My postdoctoral training expanded this perspective from molecules to cells and systems. In the laboratories of Bernhard Palsson and Jay Keasling, I worked in bacterial systems biology, using multi-omic measurements to understand how engineered cells regulate metabolism and adapt across conditions. I later moved into human genomics and systems biology with Pablo Tamayo, and scientific interactions with Jill Mesirov and the Broad/CCLE ecosystem, where I focused on integrating genomic, transcriptomic, proteomic, and functional datasets to understand how cells rewire in response to perturbation. During this period, I helped develop Recon3D (Nature Biotechnology 2018), which linked genomic variation, transcriptomic and proteomic data, metabolomics, and protein structural information within a human metabolic modeling framework. Across these projects, the central idea was vertical integration: connecting DNA, RNA, protein, metabolism, structure, and phenotype to build more coherent and mechanistic models of cellular behavior.

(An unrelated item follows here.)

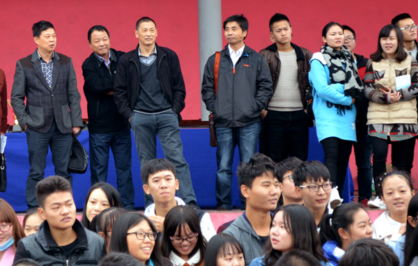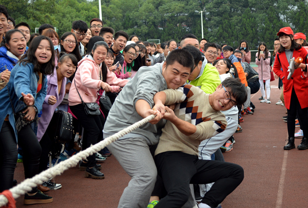 院领导(从左至右:文谟汉、郭明虎、曹骥、郭睦庚)与同学们一起观看拔河决赛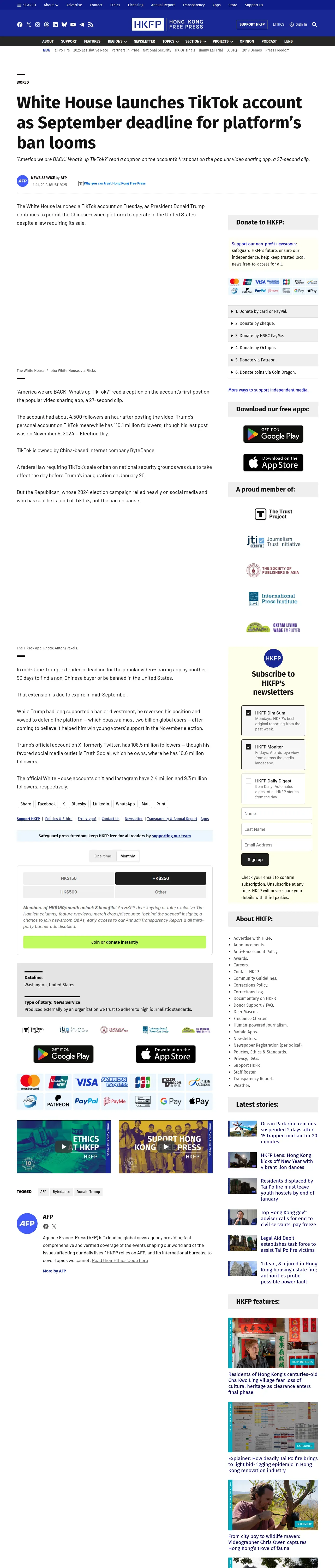 https://hongkongfp.com:443/2025/08/20/white-house-launches-tiktok-account-as-september-deadline-for-platforms-ban-looms/

This training prepared me to recognize both the promise and the limitations of large-scale multi-omic datasets. As a T32 trainee at the Moores Cancer Center and through work with large public and private datasets, I became immersed in the depth of available molecular data across cell lines, perturbations, time points, and therapeutic conditions. My subsequent work as an industry consultant further reinforced this view. I worked with teams generating thousands of samples across DNA, RNA, proteomic, and functional assays, where the central challenge was not data generation, but interpretation: how to integrate heterogeneous measurements in a way that revealed how cells were changing state, adapting to stress, or rewiring regulatory programs. These experiences convinced me that the next major advance in the field would require frameworks that connect modalities rather than analyze them separately.
As an independent investigator, I have built my laboratory around this problem. My group develops computational and experimental approaches for integrating single-cell sequencing, imaging, and cytogenetic measurements to understand how genome structure and molecular regulation coordinate to shape cell state. We have focused on experimentally tractable human cell line systems in which individual cells from the same population exhibit measurable differences in gene dosage, chromosome structure, RNA expression, protein abundance, protein localization, and morphology. Although many of these systems contain extrachromosomal DNA, the central focus of my work is broader: to use structured within-population variation as a biological anchor for building multimodal models of cell behavior. Over the first years of my faculty position, my laboratory has deeply characterized these systems, generated single-cell multi-omic and imaging datasets across multiple scales, and developed the experimental expertise needed to validate computational predictions with orthogonal measurements.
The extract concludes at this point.